Submitted to: Analytical Chemistry
Publication Type: Peer Reviewed Journal
Publication Acceptance Date: 5/3/1996
Publication Date: N/A
Interpretive Summary: New methods were developed to determine the nutritional fat content of meat, as defined by the Nutritional Labeling and Education Act. The methods used carbon dioxide as a dense gas and an enzyme to extract fat from meat samples and to provide the reaction for the analysis necessary for the determination. Two different systems were developed; the first system used small representative samples; values from the analyses indicated that the method was comparable to standard solvent methods. The second method was fully automated with minimal handling of the meat samples; the values determined by this method were also equivalent to traditional solvent methods. These methods eliminate the use of large quantities of solvent presently required by traditional solvent methods. Both methods were shown to be quick and easy, plus agreement of the values from both methods was good.

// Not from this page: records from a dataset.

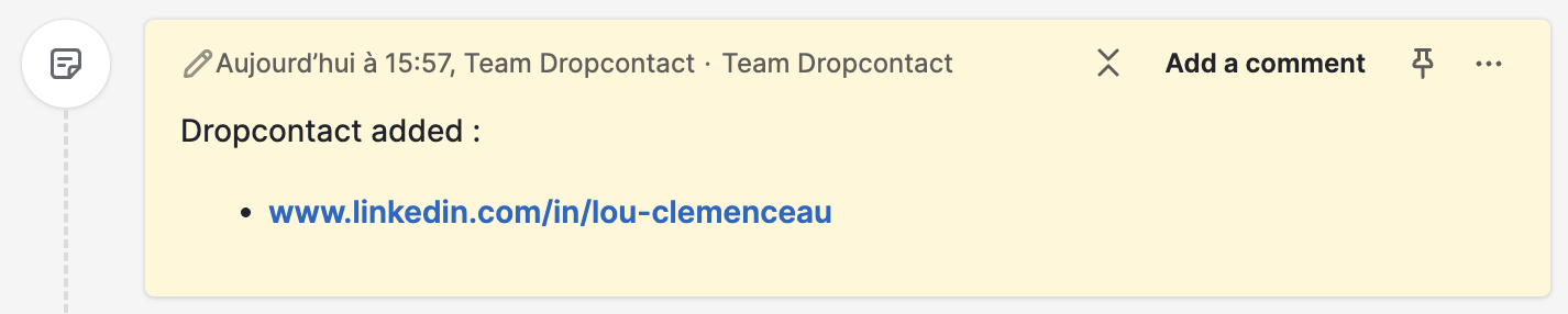 Dropcontact displays in the Pipedrive Notes (yellow) the following changes on the People records: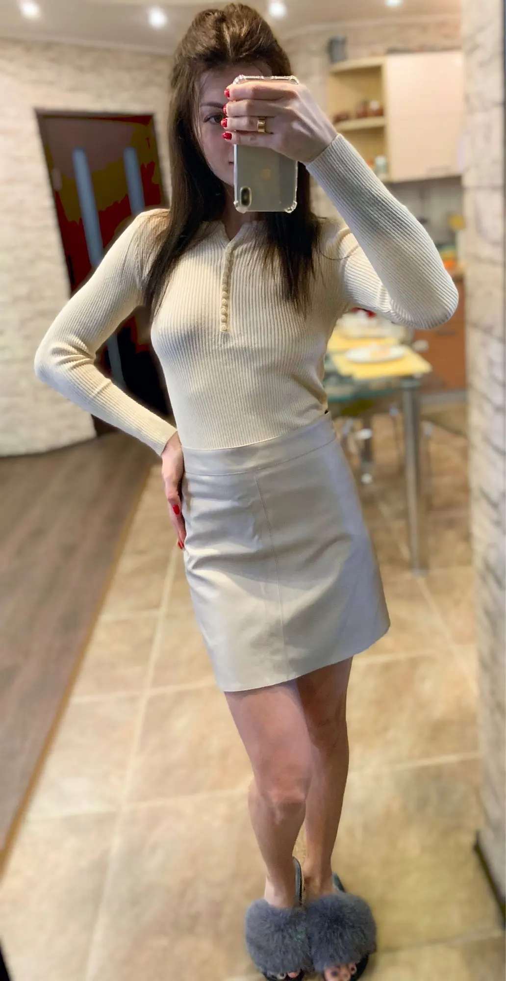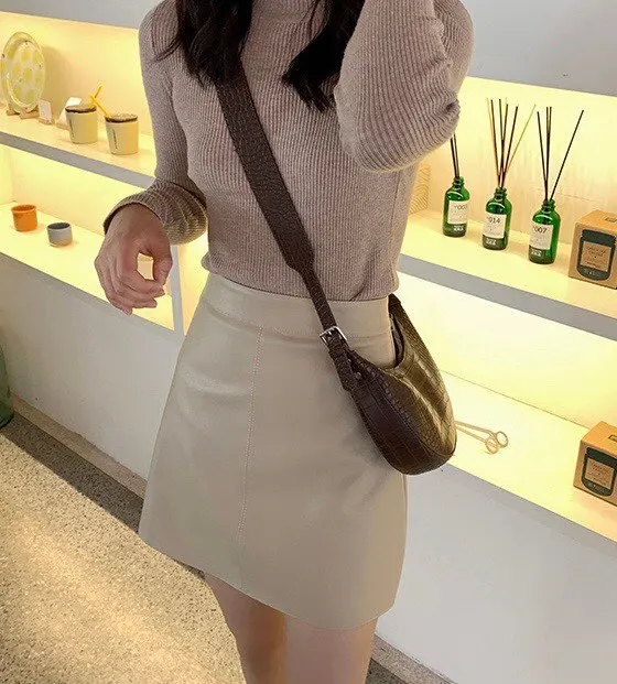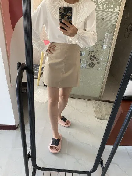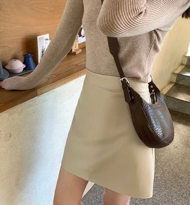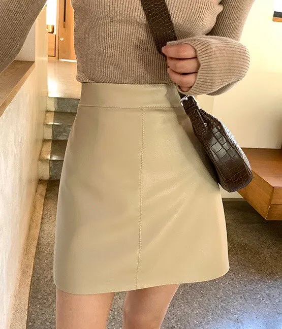 apricot skirt, faldas mujer, leather skirt
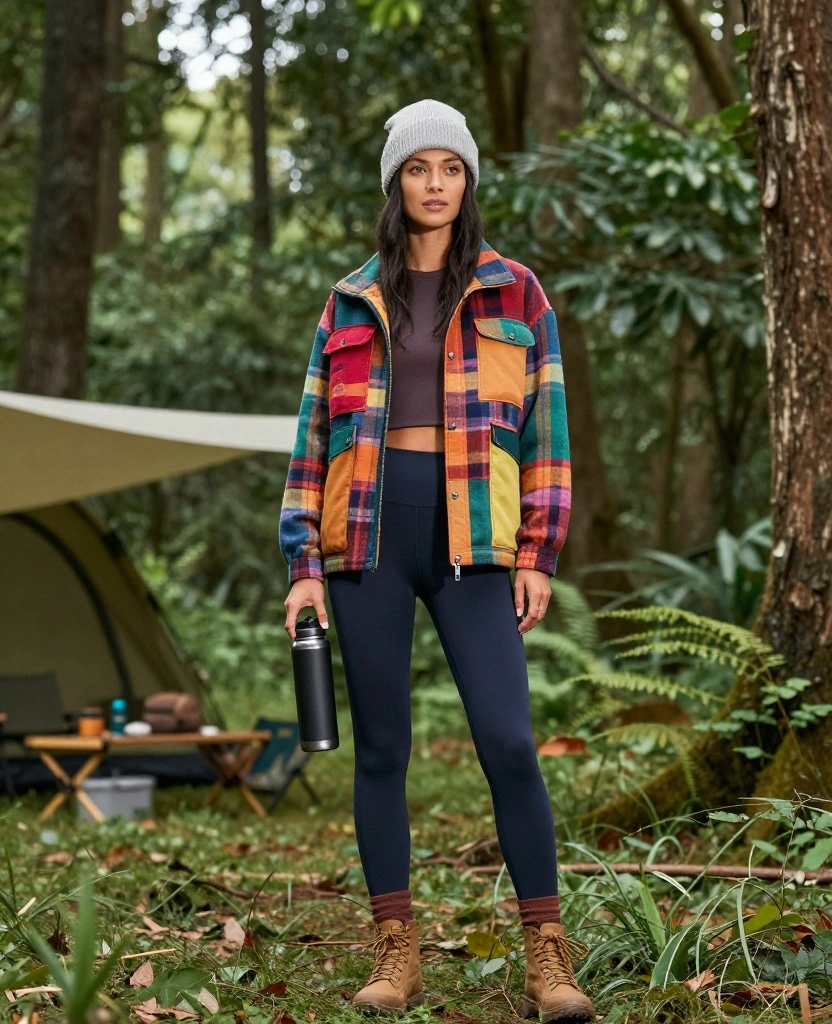 Layering is essential for camping, especially when temperatures fluctuate. A soft flannel shirt layered with high-waisted leggings combines warmth with effortless style. Opt for organic cotton or bamboo for a sustainable twist, and tie the flannel around your waist during hikes for added practicality.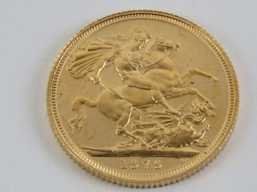 A Royal Mint 22ct gold full sovereign, Elizabeth II 1979, 8g. In original presentation packaging.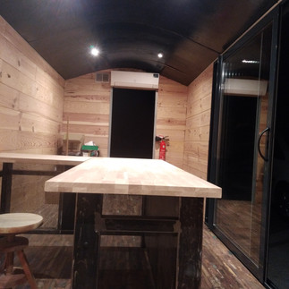 Pose du revêtement sur les murs, passage de l'électricité et pose du tableau électrique.

Technical Abstract: A method using sequential supercritical fluid extraction (SFE) and enzymatic transesterification has been developed for the rapid determination of total nutritional fat content in meat samples. SFE conditions of 2500 psi and 50 deg C were utilized to extract lipid species from the sample matrix. The enzymatic transesterification of the lipids by ymethanol was catalyzed by an immobilized lipase isolated from Candida antarctica. Conversion of the triglycerides to fatty acid methyl esters (FAMEs) was monitored by supercritical fluid chromatography (SFC), while the fatty acid content was determined by capillary gas chromatography (GC). Total fat, saturated fat, and monounsaturated fat contents were calculated from the GC data and compared to values from traditional extraction and lipid determination methods. Both off-line SFE and automated SFE, followed by on-line GC analysis using two different instruments, were utilized in this study.